Tightness in the Achilles Tendon

Heel pain may disrupt your walking and ability to get from one place to another. Heel pain is generally the cause of dysfunction of the Achilles tendon. When the Achilles tendon is too tight, it does not work properly and can cause significant heel pain. Treat your heel pain in Knoxville, TN with Dr. Timothy Gardner at The Family Foot and Ankle Clinic.  

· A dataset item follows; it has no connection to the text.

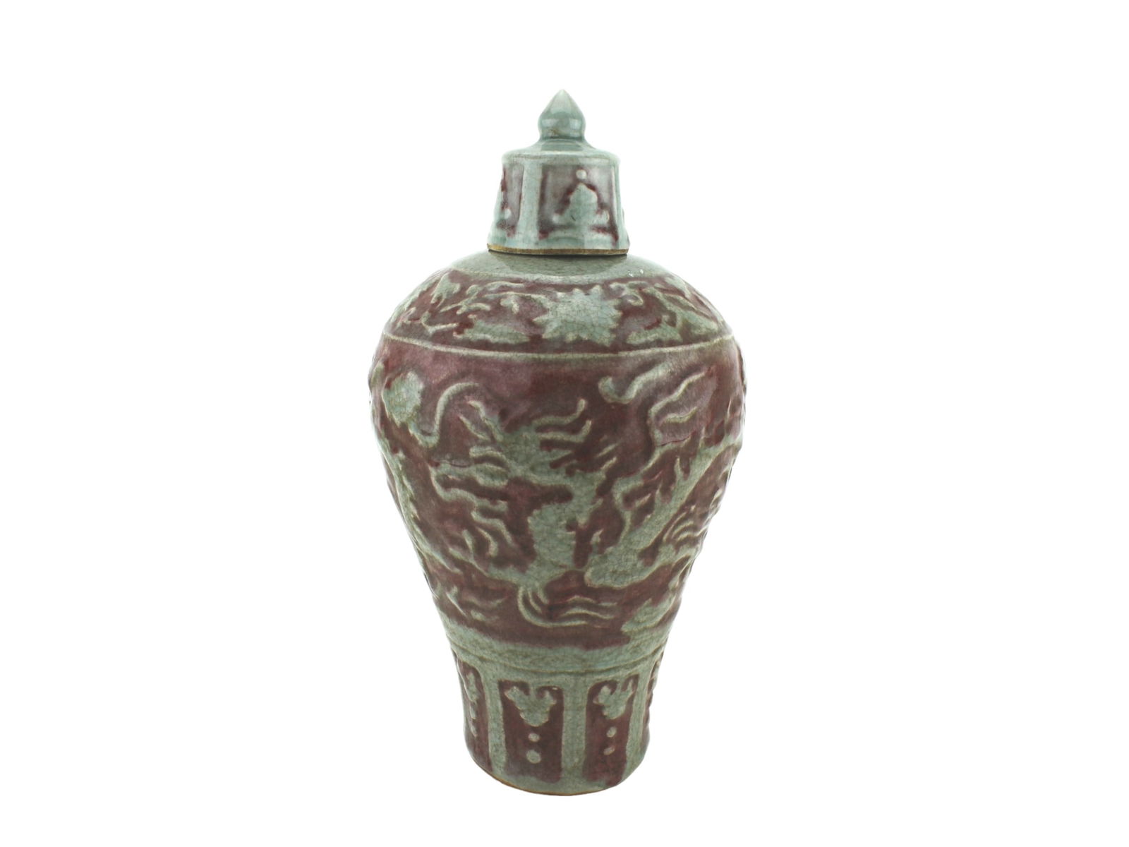 A CHINESE RED UNDERGLAZE LIDDED VASE

What is the Achilles Tendon?

The Achilles tendon is located on the back of your ankle. It is the name for the thick band of connective tissue that connects the calf muscles to the calcaneus, the heel bone. The Achilles tendon bears the load of the entire weight of your body during walking and running. The calf muscle, which the Achilles tendon connects to at the bottom of the muscle near the heel, lifts the body up during the walking cycle. Pointing your toes forward is the job of the calf muscles. When your foot is planted on the ground, instead of the toes moving, the body lifts up.  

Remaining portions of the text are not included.